WORK ITEM >> The required answer is an exact copy of every line from the beginning of the entries through the line with "Διαφανής Αδιάβροχη Θήκη", with all pictures omitted.

== LISTED RECORDS ==

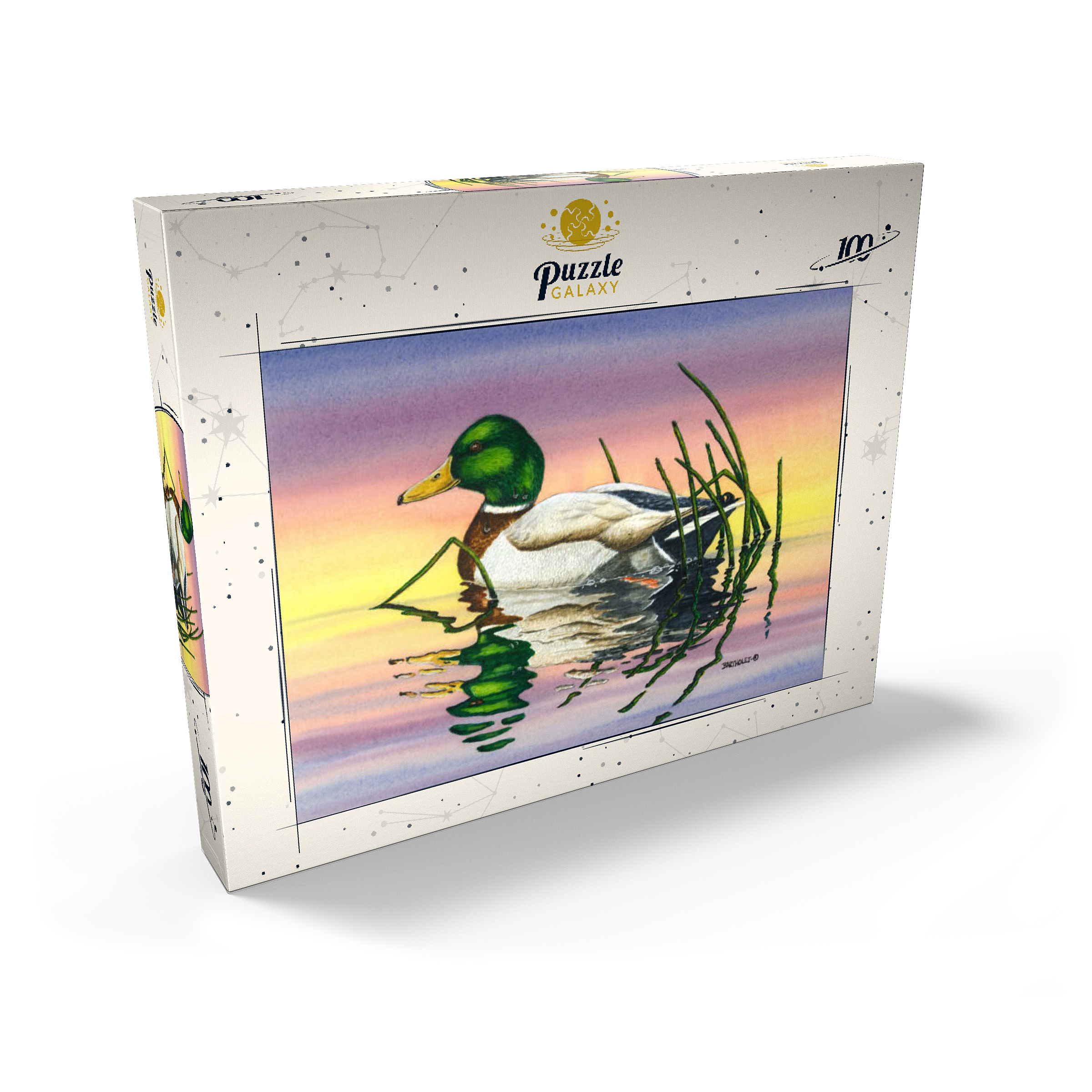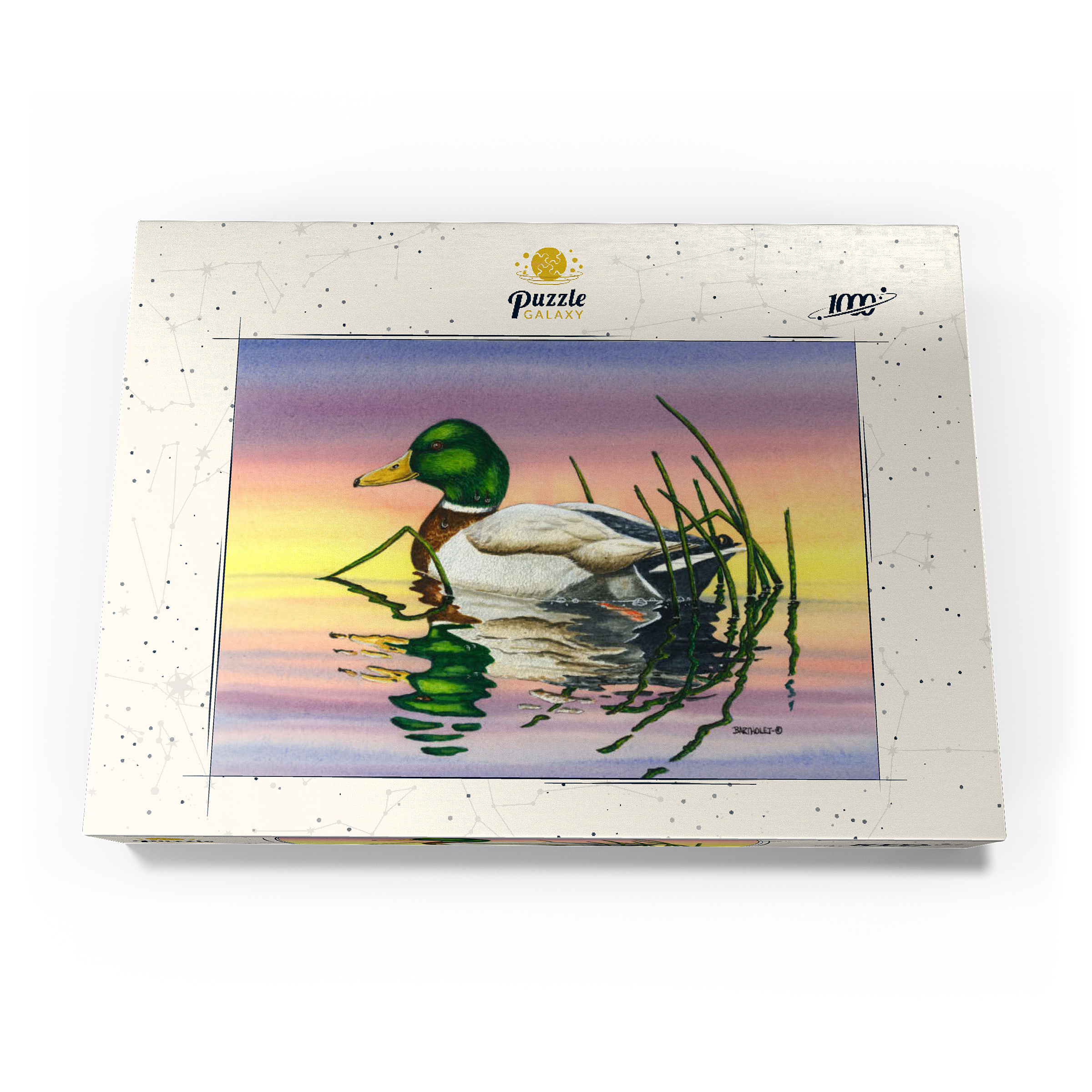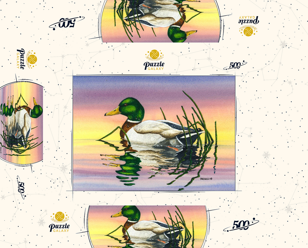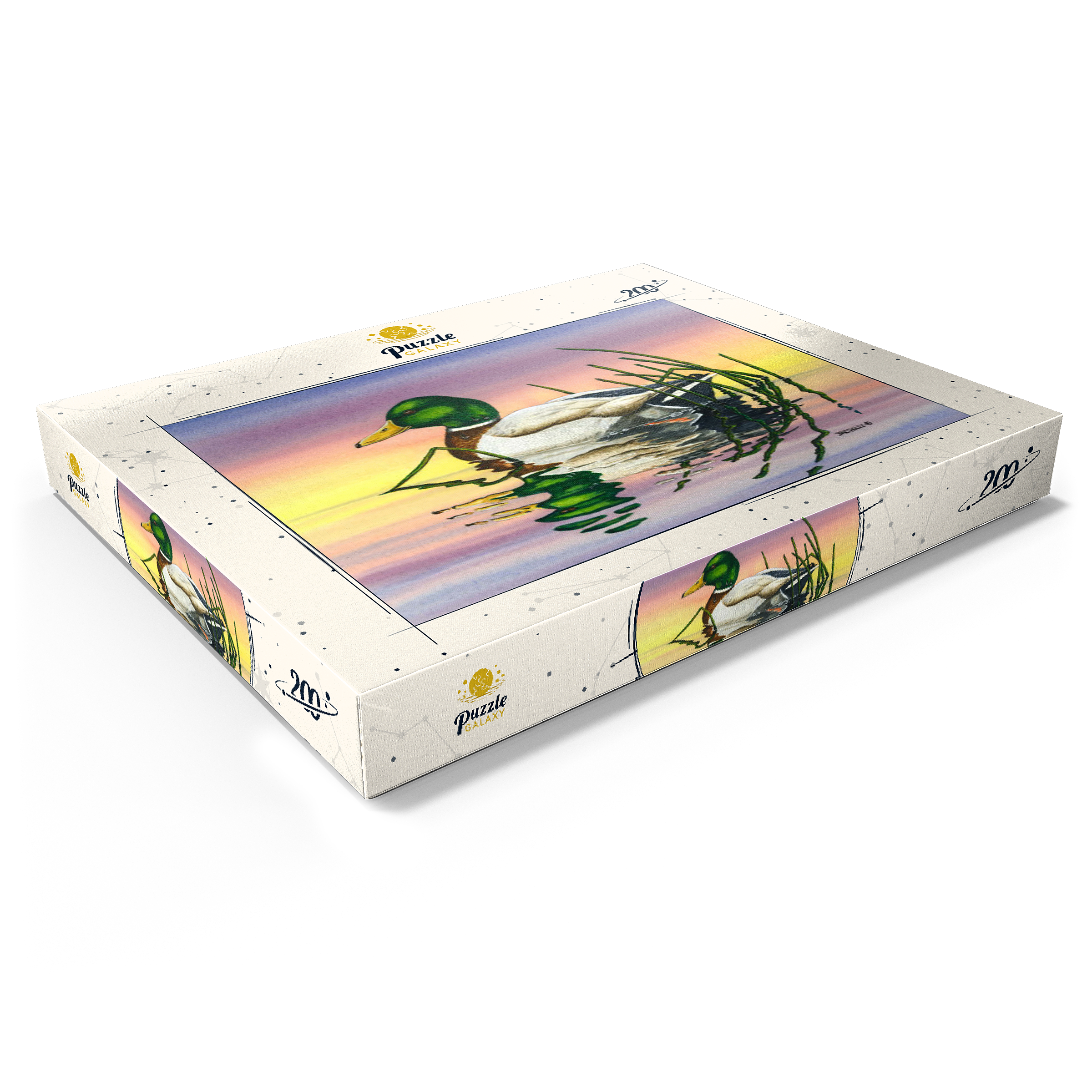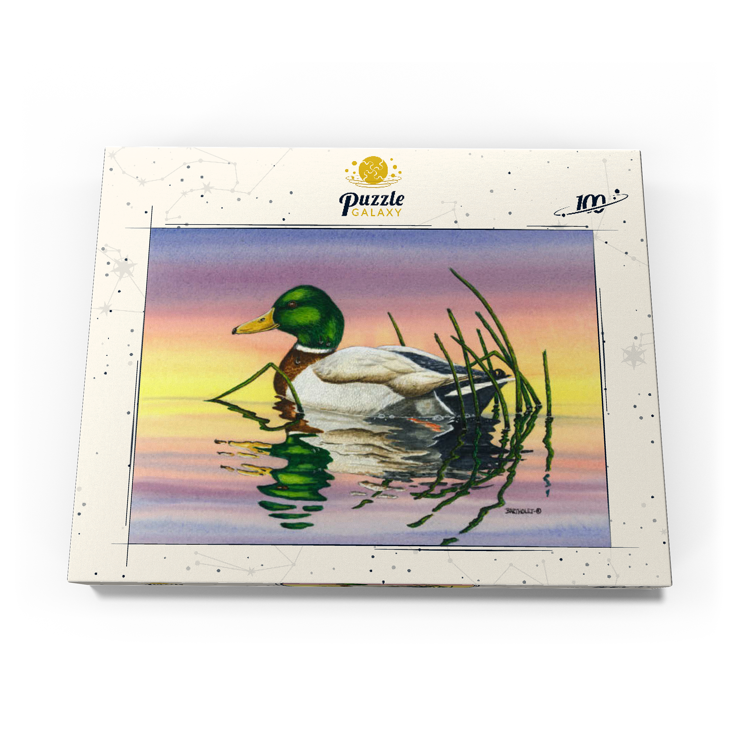 Eine ruhige Darstellung eines Stockentenerpels, der anmutig zwischen Schilf in ruhigem Wasser während eines lebhaften Sonnenuntergangs schwimmt. Der auffallend grüne Kopf und der gelbe Schnabel der Ente bilden einen schönen Kontrast zu den sanften Farbverläufen des Himmels in Rosa-, Orange- und Violetttönen, die sich im kräuselnden Wasser widerspiegeln. Das detaillierte Schilf verleiht der friedlichen Komposition Tiefe und unterstreicht die Ruhe eines ruhigen Abends auf dem Wasser.
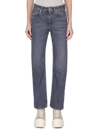 DRKSHDW FW25 CONCORDIANS FOG CUT IN 13OZ STONE WASHED GREY DENIM THESE FOG CUT ARE AN ABOVE ANKLE LENGTH, 6-POCKET JEAN WITH A LOW RISE AND REGULAR FIT. THEY HAVE A CONCEALED SILVER ZIPPER FLY WITH TOP BUTTON. THEY FEATURE CROTCH AND KNEE WHISKERING. THIS MEDIUMWEIGHT STONE WASHED GREY DENIM IS MADE ON A 13OZ JAPANESE GREY AND BLACK DENIM WOVEN IN FUKUYAMA PREFECTURE BY A MILL FOUNDED IN 1893. THE READY GARMENT IS STONE WASHED THIS GARMENT IS TREATED IN AN ITALIAN WASH HOUSE BASED IN THE VENETO AREA OF ITALY, THAT PRODUCES IN SMALLER TREATMENT BATHS TO REDUCE WATER WASTE AND UTILIZE A WATER PURIFYING PROCESS THAT ENABLES THEM TO RECYCLE A PORTION OF THE WATER USED. ALL OF OUR DENIM WASHES ARE ZDHC CERTIFIED COLOR: WASHED GREY MATERIAL: 100% COTTON POCKETS LINING: 52% POLYESTER + 48% COTTON MODEL IS 181CM TALL MODEL WEARS SIZE 26
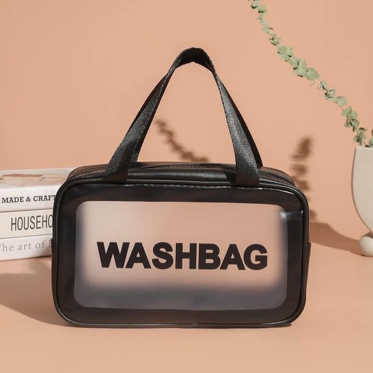 Διαφανής Αδιάβροχη Θήκη - Τσάντα για Καλλυντικά Μεγάλη 35x26x10cm - Waterproof Travel Makeup Bag Μαύρο
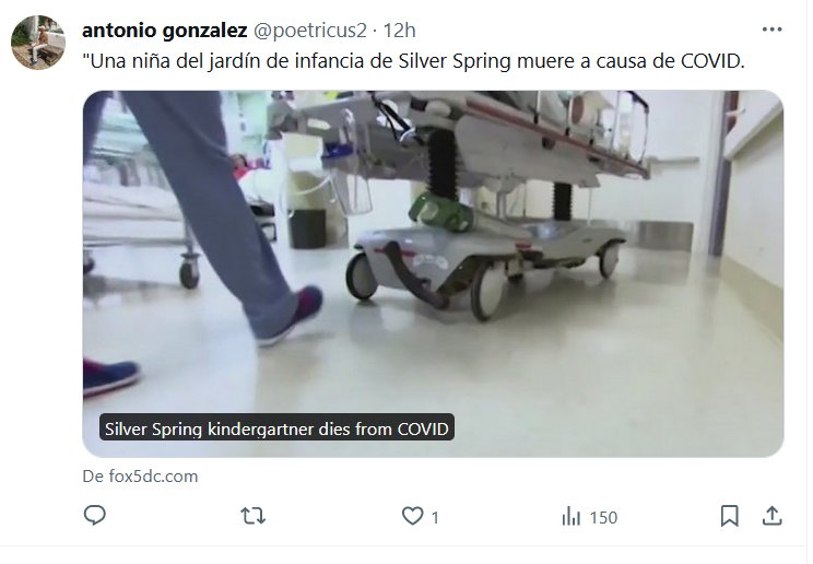 LESA HUMANIDAD «Una niña del jardín de infancia de Silver Spring muere a causa de COVID» Posted on enero 31, 2024 por coronado
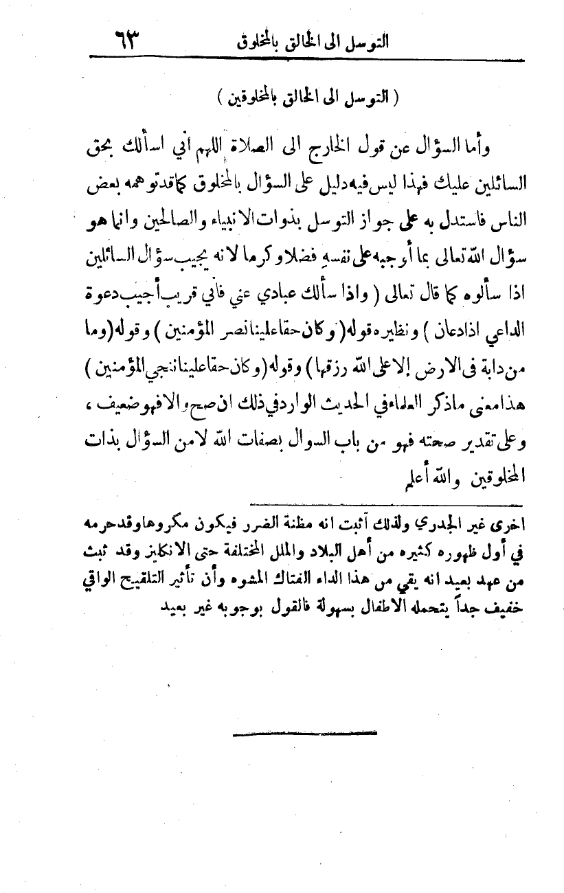وأما السؤال عن قول الخارج إلى الصلاة: اللهم إني أسألك بحق السائلين عليك، فهذا ليس فيه دليل على السؤال بالمخلوق كما قد توهمه بعض الناس، فاستدل به على جواز التوسل بذوات الأنبياء والصالحين، وإنما هو سؤال الله -تعالى- بما أوجبه على نفسه فضلا وكرما، لأنه يجيب سؤال السائلين إذا سألوه كما قال تعالى: {وَإِذَا سَأَلَكَ عِبَادِي عَنِّي فَإِنِّي قَرِيبٌ أُجِيبُ دَعْوَةَ الدَّاعِ إِذَا دَعَانِ} 1، ونظيره قوله: {وَكَانَ حَقًّا عَلَيْنَا نَصْرُ الْمُؤْمِنِينَ} 2، وقوله {وَمَا مِنْ دَابَّةٍ فِي الأَرْضِ إِلَّا عَلَى اللَّهِ رِزْقُهَا} 3، وقوله: {كَذَلِكَ حَقًّا عَلَيْنَا نُنْجِ الْمُؤْمِنِينَ} 4.
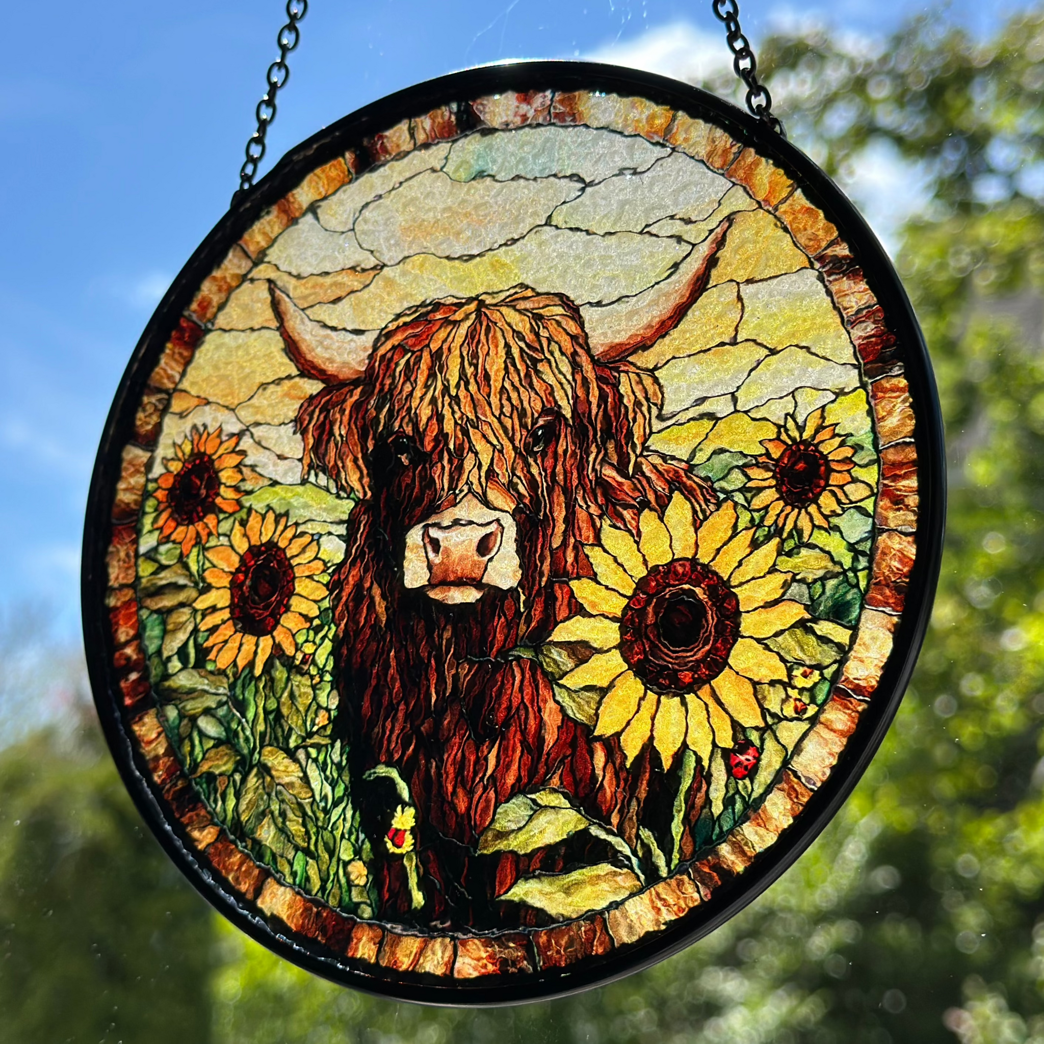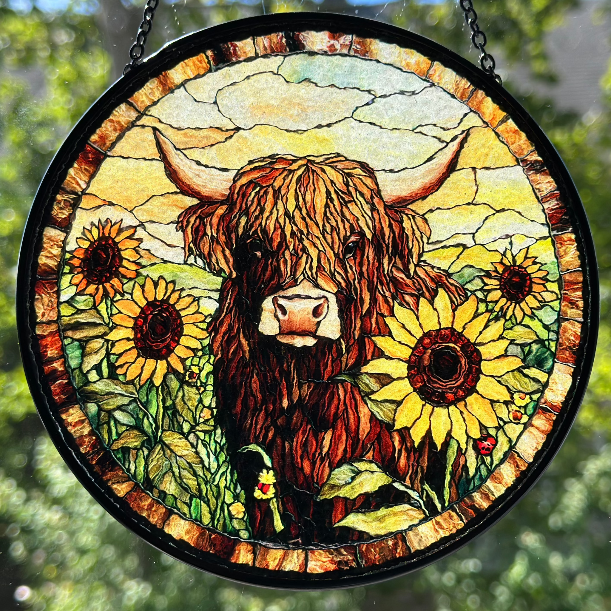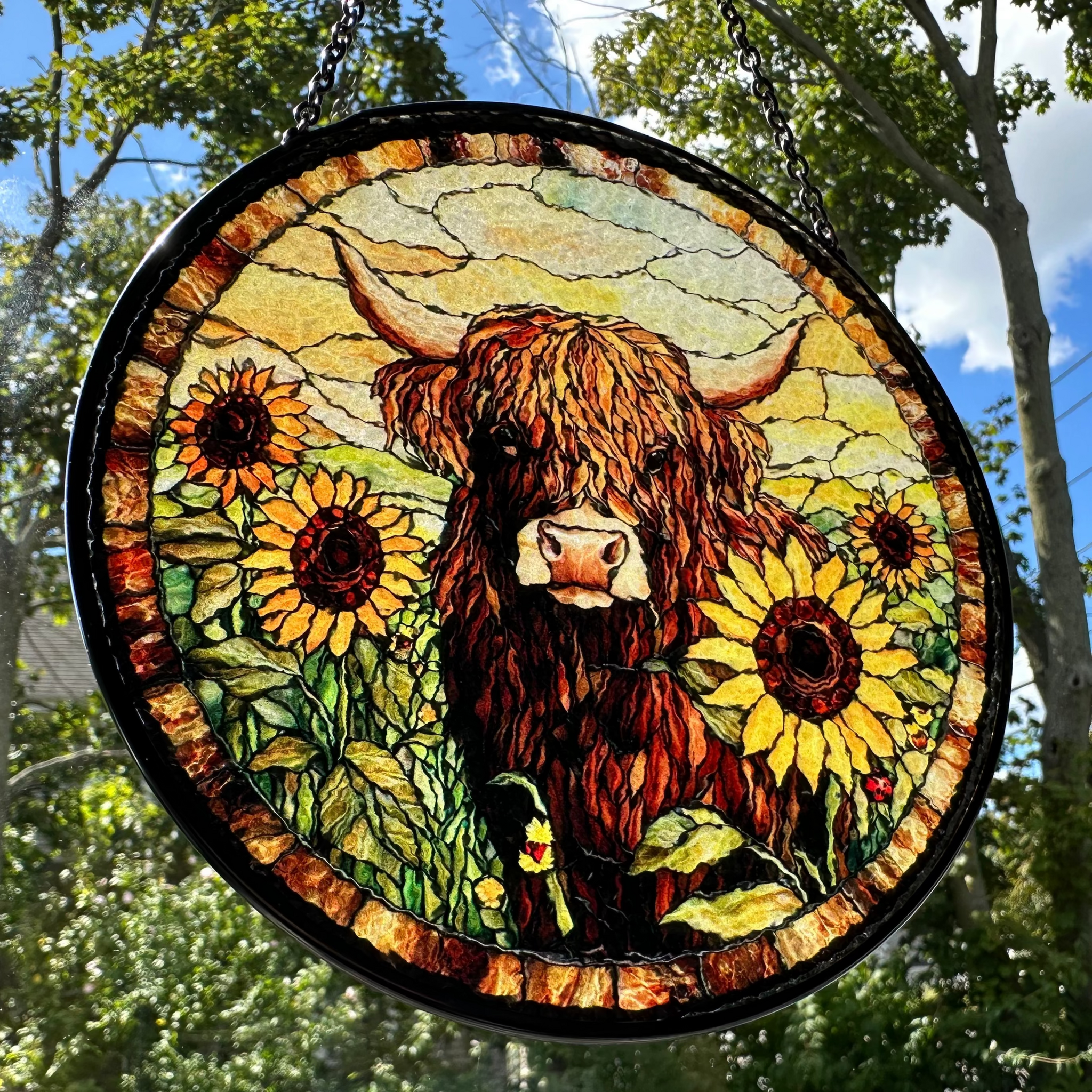 This Sunflower Highland Cow window art glows in beautiful colors. With vibrant colors and - a perfect and colorful scene that will bring you joy every time you see it!

===

RESPONSE AREA >>
 Eine ruhige Darstellung eines Stockentenerpels, der anmutig zwischen Schilf in ruhigem Wasser während eines lebhaften Sonnenuntergangs schwimmt. Der auffallend grüne Kopf und der gelbe Schnabel der Ente bilden einen schönen Kontrast zu den sanften Farbverläufen des Himmels in Rosa-, Orange- und Violetttönen, die sich im kräuselnden Wasser widerspiegeln. Das detaillierte Schilf verleiht der friedlichen Komposition Tiefe und unterstreicht die Ruhe eines ruhigen Abends auf dem Wasser.
 DRKSHDW FW25 CONCORDIANS FOG CUT IN 13OZ STONE WASHED GREY DENIM THESE FOG CUT ARE AN ABOVE ANKLE LENGTH, 6-POCKET JEAN WITH A LOW RISE AND REGULAR FIT. THEY HAVE A CONCEALED SILVER ZIPPER FLY WITH TOP BUTTON. THEY FEATURE CROTCH AND KNEE WHISKERING. THIS MEDIUMWEIGHT STONE WASHED GREY DENIM IS MADE ON A 13OZ JAPANESE GREY AND BLACK DENIM WOVEN IN FUKUYAMA PREFECTURE BY A MILL FOUNDED IN 1893. THE READY GARMENT IS STONE WASHED THIS GARMENT IS TREATED IN AN ITALIAN WASH HOUSE BASED IN THE VENETO AREA OF ITALY, THAT PRODUCES IN SMALLER TREATMENT BATHS TO REDUCE WATER WASTE AND UTILIZE A WATER PURIFYING PROCESS THAT ENABLES THEM TO RECYCLE A PORTION OF THE WATER USED. ALL OF OUR DENIM WASHES ARE ZDHC CERTIFIED COLOR: WASHED GREY MATERIAL: 100% COTTON POCKETS LINING: 52% POLYESTER + 48% COTTON MODEL IS 181CM TALL MODEL WEARS SIZE 26
 Διαφανής Αδιάβροχη Θήκη - Τσάντα για Καλλυντικά Μεγάλη 35x26x10cm - Waterproof Travel Makeup Bag Μαύρο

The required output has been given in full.